Polygonica helps reconstruct 17th century flute model to enable 3D printing of playable replicas

The Department of Engineering Science at Oxford University had a complex mesh created from a 3D scan of a severely damaged part of a 17th century flute that was impossible to 3D print.

The instrument in question, a recorder made in London, had an extremely dry and porous wooden block in the mouthpiece damaged by insects. The CT scan provided by Cranfield University and converted to a STL file was not at all printable. It contained a huge number of errors including self-intersecting triangles and had lots of internal detail not required for 3D printing.

Peter Walters, 3D printing engineer at Oxford University, said “We tried to rebuild the model of the block using several other mesh software tools without success. However the unique capabilities and specialist knowledge of Polygonica enabled this to be achieved with ease.” For those who do not know, Polygonica is a solid modelling software toolkit for processing polygon meshes.

Solid model before shrink-wrapping
Solid model after shrink-wrapping
Internal structure before shrink-wrapping
Internal structure removed after shrink-wrapping

We used Polygonica’s shrink-wrapping algorithms to create a faithful representation of the outer surface of the original model, whilst removing errors and unwanted internal structure. This resulted in an accurate and printable STL file,” said Dr. Simon Vickers, Senior Developer at MachineWorks Limited.

The Pitt Rivers Museum houses a collection of over 7,000 musical instruments from around the world and receives multiple requests for the instruments to be played. Unfortunately, many of the instruments are either too fragile to be played and risk being irreversibly damaged, or else have been contaminated by old pesticide treatments which now pose a health risk to anyone wanting to play them.
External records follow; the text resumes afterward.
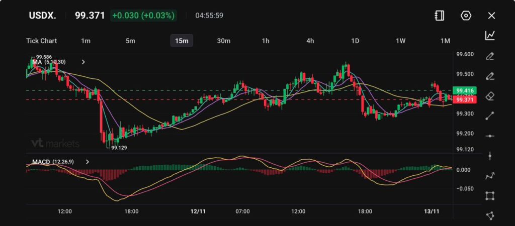 美元指數(USDX)交投於99.37附近,盤中上漲0.03%,此前曾觸及99.13的盤中低點。在15分鐘圖表上,價格走勢仍維持在99.10至99.60的區間內。
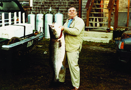 Soon after I arrived I met up with my good friend and fishing partner, Jack Linton, a master fisherman if ever there was one. I had high expectations for this outing because on the October trip I had finished my stay with a memorable doubleheader at Anderson’s, a spot on the island’s south side, landing an 18-pound bass on my needlefish plug and a 45-pounder on a black teaser. I share this information in passing only because fishermen became accustomed to catching trophy fish on a regular basis throughout the 1980s at that spot, but it was a well-kept secret in the early part of that decade. It was not the only spot though; during that 10-year period, Southwest Point and other island spots hosted blitzes of fish in the 30- and 40-pound range along with many 50s, an occasional 60-pound fish and even one 70-pounder thrown in for good measure. In our fishing club’s November newsletter from 1984 it says: “All of us connected with fish in the 20s, 30s and 40s, which are too numerous to recall. In fact, one night at Black Rock, Chuck Patnaude and myself dropped more big bass than I’ve caught in my last seven years of bass fishing in Gansett. . . . it was that type of fall on the island.” The article went on to say that five club members joined the “nifty fifties” club that year, with Jack Linton taking the biggest bass, which weighed 59½ pounds. Many of the regulars on the island, like Charlie Dodge, Steve Campo, Tommy Vanderkieft and others, rarely talked to the press about their incredible catches. I know of trophy fish landed that never made it to print; in fact, I know of many.
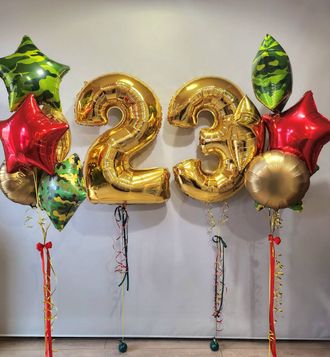 Набор воздушных шаров для украшения праздника "23 февраля" в Краснодаре. Такой набор - отличный вариант для презента любимым защитникам, а для большого праздника композиция может послужить стильной праздничной фотозоной.
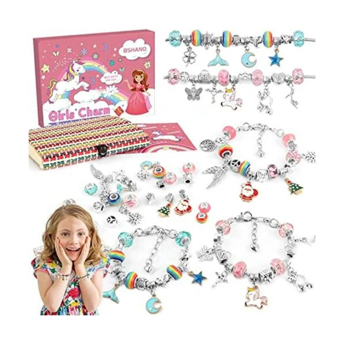 Regalos de unicornio para niñas, kit de fabricación de joyas, juguetes para niños, manualidades para niños de 6, 7, 8, 9 y 10 años de edad, suministros para hacer pulseras con dijes y cuentas, juego de fiesta de cumpleaños para niñas, calcetines de Navidad para niños
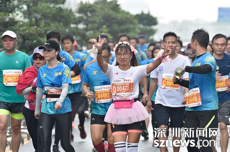 2018年12月16日,深圳國(guó)際馬拉松位于后海的折返點(diǎn),即將抵達(dá)終點(diǎn),一名選手?jǐn)[出勝利姿勢(shì)。
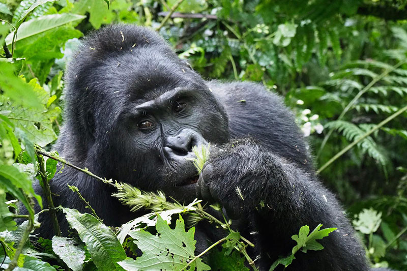 The main activity in Bwindi is gorilla trekking, and there are currently 17 habituated groups which can be visited in various areas of the park. However, please bear in mind that the high rainfall and terrain make trekking very difficult and you need to be well prepared. To trek for gorillas, a good level of fitness is required as the terrain over which tracking takes place is extremely difficult. Treks can last anything from roughly two to six hours, often traversing steep-sided mountains and ravines, and regularly clambering over ground vegetation. Temperatures can range from being very warm and humid to being very cold, and rain can fall at any time. Permits must be purchased in advance. Children under 15 years of age are not allowed to trek.

The Department of Engineering Science at Oxford University and the Conservation Department at Oxford’s Pitt Rivers Museum are collaborating to create playable replicas of antique musical instruments using 3D scanning, reverse engineering and 3D printing.  The team includes Andrew Hughes and Jeremy Uden from the Pitt Rivers Museum and Alfonso Castrejon-Pita, Peter Walters and Benjamin Fudge from Oxford University Department of Engineering Science.